“No Gods or Kings, Only Man” Andrew Ryan’s sneering visage impresses upon you from his bronzed effigy. From the outset, Bioshock’s city of Rapture is one of affirmed ideology. Rapture isn’t just a city under the sea. It’s a vision. The game wastes no time in exposing that vision; Ryan introduces you to his libertarian utopia through a propaganda slide show; the leaks are beginning to show here before you even get a hint of the calamity is unfolding in the city. Such an intellectually pitched concept naturally encourages a deeper world; and one no book or film could possibly accomplish. By allowing the player to choose what they want to look at, you’re not forced to take in the developer’s interpretation of the scene in the same way. You don’t have to listen to a single audio tape if you don’t want to. Or you can comb every nook and cranny for hints about the city and its unhinged inhabitants. In this respect, Rapture really could only come from gaming
If one thing truly sets Rapture aside from other game environments, it’s the aesthetic. Sure, 50s futurism had been done before in Fallout, but Rapture propelled this to heady new heights, fusing an intriguing array of different art styles to create a world quite altogether removed from any of its brethren. Breaking it down, there’s a lot of different material at place: Being set under water naturally provides the first layer; bronze pipes, valves and leaks everywhere. I call it Bilge Punk (ahem. Sorry.) Libertarian Ryan’s city may well be, but much of the art-deco architecture smacks of Soviet realism; most overtly in the form of imposing statues found throughout the city, peering down on the player from the edifices that raise them. Lurid neon signs complete the picture. It’s an artistic rendition of man’s – Ryan’s- achievement in habituating the sea for human living. It is, quite simply, a stunningly well realized environment; both physically conceivable and metaphorically intriguing.

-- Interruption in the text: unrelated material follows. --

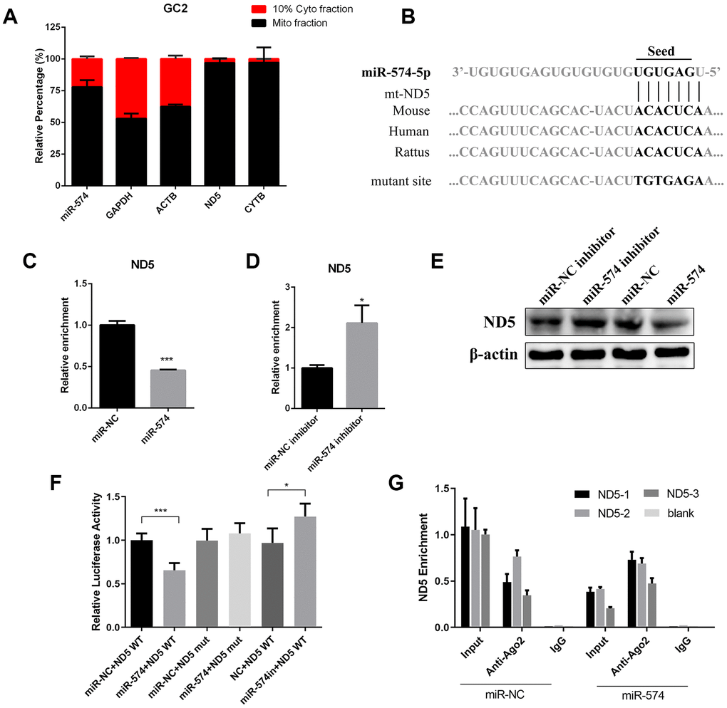 Previous studies have demonstrated that many miRNAs and the core component of RISC, Ago2/Ago3, are found within the mitochondria and miRNAs may also translocate to the mitochondrial matrix to regulate mitochondrial gene expression [25]. We then isolated the mitochondrial fraction and cytoplasmic fraction and determined the miR-574 expression. We observed that miR-574 was expressed in the mitochondrial fraction, indicating that miR-574 may translocate to the mitochondria and regulate mitochondrial gene expression (Figure 5A). We predicted the target genes of miR-574 within the mitochondrial pathway by the bioinformatics tool RNA22 and found an evolutionarily conserved target site in the mt-ND5 gene (Figure 5B). We next detected the mt-ND5 expression in GC2 cells transfected with miR-574 mimics or inhibitor, and found that mt-ND5 mRNA and protein expression levels were significantly lower in cells transfected with miR-574 mimic and higher in cells transfected with miR-574 inhibitor than in cells transfected with negative control (Figure 5C–5E). To verify the relationship between miR-574 and mt-ND5, we constructed luciferase reporters containing either the wild-type (WT) or mutated (Mut) miR-574 binding sites (seed sequence) in mt-ND5 (Figure 5B). Overexpression of the miR-574 mimic reduced the luciferase activity of the WT reporter vector but not that of the mutated reporter vector (Figure 5F). It is known that miRNAs bind to their targets and cause translational repression and/or RNA degradation in an Ago2-dependent manner. To determine whether mt-ND5 is regulated by miR-574 in this manner, we conducted anti-Ago2 RIP in GC2 cells transiently overexpressing miR-574. The mt-ND5 pulldown by Ago2 was more highly enriched in miR-574-transfected cells, suggesting that miR-574 directly targets mt-ND5 (Figure 5G). Moreover, we observed that knockdown of mt-ND5 would relieve the increasing trend of cellular ATP production induced by the miR-574 inhibitor in D-gal-treated GC2 cells (Supplementary Figure 3A). Furthermore, we detected the mt-ND5 expression in the sperm of the two aging models, and found that mt-ND5 was significantly downregulated in the sperm of the aging group (Supplementary Figure 3B). Together, these results indicated that miR-574 regulated the mitochondrial function by directly targeting mt-ND5.

Putting a magnifying glass to the city reveals more, and each location tells more than one story; that of the place it was before the fell into chaos, and the ongoing struggle that has proceeded it. When you reach the city proper, you’re first glimpse of the city is what came before as placards protesting against Ryan’s authoritarian rule litter the ground as an angry Splicer (the cities now deranged residents) prowls the area. Continuing on, and you reach the Kashmir Restaurant, the site where audiotapes describing the cities descent into madness begin to appear, while detritus of the New Years party still sprawl throughout the area. Each further level further develops the story in this way. Arcadia, for example was once the tranquil gardens of Rapture, and helped balance out the city’s oxygen economy. By Bioshock’s time, it’s a strategic resource controlled by Ryan and falling into total disrepair. Another particular highlight is Fort Frolic; former entertainment district to the cities residents that has become the dominion of the truly bonkers artiste Sander Cohen: Indeed some of these locations would be nothing without the deranged madmen who rule the roost.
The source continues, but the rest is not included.